The purpose of this study was to evaluate the implication of an ex vivo model for carrier-mediated retinal drug delivery using an Ussing chamber system. Dutch Belted Pigmented rabbits weighing 2-2.5 kg were used in these studies. Excised posterior segment tissues (RPE-choroid-sclera and sclera), mounted on the Ussing chamber, were used as an ex vivo model. Transport studies were carried out across sclera and RPE-choroid-sclera (RCS) tissue preparations in the sclera to retina (S --> R) and retina to sclera (R --> S) directions for 3 hr at 37 degrees C. The model was validated by permeability studies with paracellular and transcellular markers ([(3)H]mannitol and [(14)C]diazepam, respectively), tissue viability studies (bioelectrical and biochemical assays), and tissue histology and electron microscopy studies. Functional presence of a carrier-mediated transport system for folic acid (folate receptor alpha) was investigated on the basolateral side of the rabbit retina. Results from bioelectrical, biochemical, and histological evaluation of tissue provide evidence that the RCS tissue preparation remains viable during the period of transport study. Permeability values of [(3)H]mannitol across sclera were 4.18 +/- 1.09 x 10(- 5) cm/s (R --> S) and 4.11 +/- 1.09 x 10(- 5) cm/s (S --> R) and across RCS were 1.77 +/- 0.31 x 10(- 5) cm/s (S --> R) and 1.60 +/- 0.19 x 10(- 5) cm/s (R --> S).
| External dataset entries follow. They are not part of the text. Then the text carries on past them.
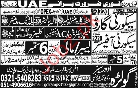 Vacancies in Golra Overseas Recruiting Agency Advertisement September 2019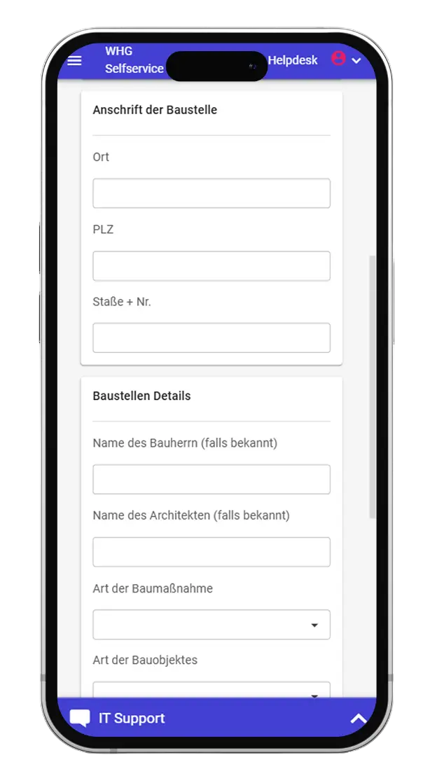 ► Baustellen melden können Sie über unser WHG Selfservice-Portal unter https://selfservice.wertheimer-gruppe.com/baustellemelden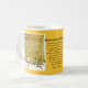 Cette tasse pour des défenseurs de l'indépendance écossaise comporte une photographie d'un fragment de la déclaration d'Arbroath - une déclaration de l'indépendance écossaise - écrite dans le latin et signé le 6 avril 1320, à l'abbaye d'Arbroath, six ans après Robert le Bruce a défait l'anglais chez Bannockburn en 1314. L'extrait le plus cité est : "Pour tant que mais cent de nous reste vivant, nous sur aucune condition ne serons jamais amenés selon la règle anglaise. Elle n'a en vérité pas lieu pour la gloire, ni la richesse, ni les honneurs que nous combattons, mais pour la liberté - pour seul cela, qu'aucun homme honnête n'abandonne mais avec la vie elle-même." À la base du manuscrit sont les joints de cire des signataires. Le 700th anniversaire de la bataille de Bannockburn a lieu cette année. Le référendum sur l'indépendance pour l'Ecosse du gouvernement de Westminster a lieu également cette année, le 18 septembre 2014, quand les gens habitant et travaillant en Ecosse voteront l'avenir du pays comme nation indépendante. Vous pouvez changer la couleur jaune d'arrière - plan avec le bouton de personnaliser.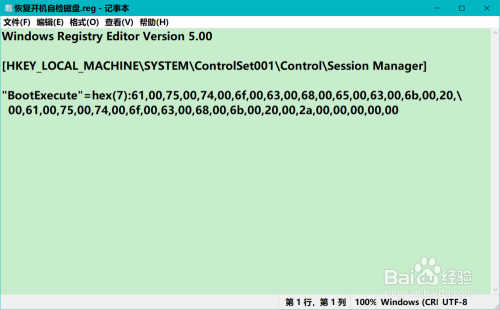 按照建造【禁用开机自检磁盘.reg】注册表文件的方式建造一个【恢复开机自检磁盘.reg】注册表文件添加到注册表中。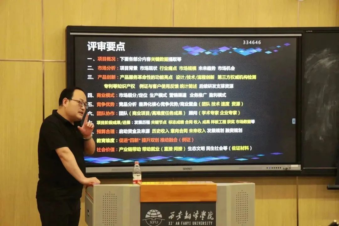 其次他讲到对“互联网+”大赛的认知和参赛所需的准备,也为我们指明了相应的参赛误区。同时张伟老师细致的讲解了“互联网+”大赛的评审要点以便于参赛者对立项与研究方向的确定。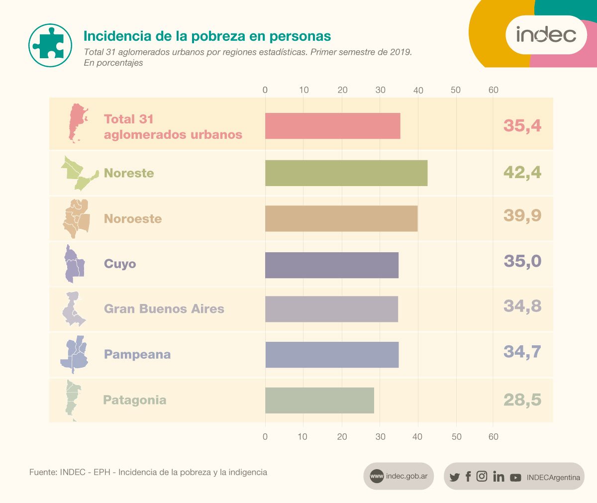 A la hora de discriminar la situación por regiones, los números indican que la región más afectada es el NEA con un índice del 42,4%, le sigue el NOA con 39,9%; luego Cuyo con 35%: seguida del Gran Buenos Aires con 34,8%; la región pampeana con 34,7% y la Patagonia con 28,5%.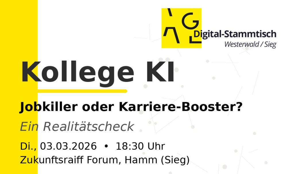 KI: Jobkiller oder Karriere-Booster? Ein Realitätscheck. So lautet das Thema des nächsten Digital-Stammtischs Westerwald/Sieg. Täglich liest man Schlagzeilen darüber, wie KI alles revolutioniert – oder bedroht. Doch was passiert wirklich in den Büros des Mittelstands, wenn der Hype verflogen ist? Beim nächsten Digital-Stammtisch Westerwald/Sieg geht es u.a. darum, wie der produktive Arbeitsalltag mit KI heute wirklich aussieht und wie sich Prozesse automatisieren lassen, die ohne KI undenkbar wären. Die Veranstaltung findet am Dienstag, den 03. März, 18.30 Uhr, in Hamm/Sieg statt. Die Teilnahme ist kostenlos, eine Anmeldung ist erforderlich.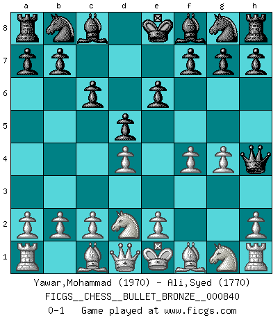 Last move : 0-1 2014 May 22 9:40:25 [Event "FICGS__CHESS__BULLET_BRONZE__000840"] [Site "FICGS"] [Date "2014.05.22"] [Round "1"] [White "Yawar,Mohammad"] [Black "Ali,Syed"] [Result "0-1"] [WhiteElo "1970"] [BlackElo "1770"] 1.d4 d5 2.Nd2 e6 3.f4 c6 4.g4 Qh4+ 0-1 This chess game has been lost on time (started : 2014.05.22 9:2:24) Queen's pawn game Player Black won this chess game. Follow this game move after move (download)I'm not afraid of Spassky. The world knows I'm the best. You don't need a match to prove it. (Bobby Fischer) Ich weiss nicht was Gott gegen mich auf 1.e4 antworten würde. (Robert James Fischer) Bobby es el jugador de Ajedrez mas fino que este país jamás haya producido. Su memoria para las movidas, su brillantez en soñar combinaciones y su feróz determinación por la victoria son algo extraño. (John Collins) Les réformistes prétendent que les progrès de la théorie conduiront à la disparition des échecs, et qu'il faut, pour leur rendre vie, en remanier les règles. En réalité, qu'exprime cette affirmation? Le mépris de l'intuition, de l'imagination et de tous les autres éléments qui font des échecs un art. (Alexander Alekhine) May the force be with you. (Han Solo in Star Wars ep.4)

Permeability values of [(14)C]diazepam across sclera were 2.37 +/- 0.38 x 10(- 5) cm/s (R --> S) and 2.70 +/- 0.70 x 10(- 5) cm/s (S --> R) and across RCS were 3.12 +/- 0.12 x 10(- 5) cm/s (R --> S) and 2.77 +/- 0.25 x 10(- 5)cm/s (S --> R). The rate of [(3)H]folic acid transport across RCS was found to be significantly higher in the S -->R direction (16.34 +/- 0.94 fmoles min(-1) cm(-2)) as compared with R --> S direction (9.38 +/- 1.44 fmoles min(-1) cm(-2)) and nearly 10-fold higher across sclera as compared with RCS in both directions. Transport of [(3)H]folic acid was found to be pH and temperature dependent and was inhibited by 44.5%, 35.1%, and 50.3% in the presence of unlabeled folic acid, 5-methyltetrahydrofolate (MTF), and Methotrexate (MTX). The RCS tissue preparation mounted on the Ussing chamber system, an ex vivo model, can be a useful tool for identification and characterization of carrier-mediated systems present on RPE (a major barrier for retinal drug delivery) and to study carrier-mediated retinal drug delivery via prodrug derivatization.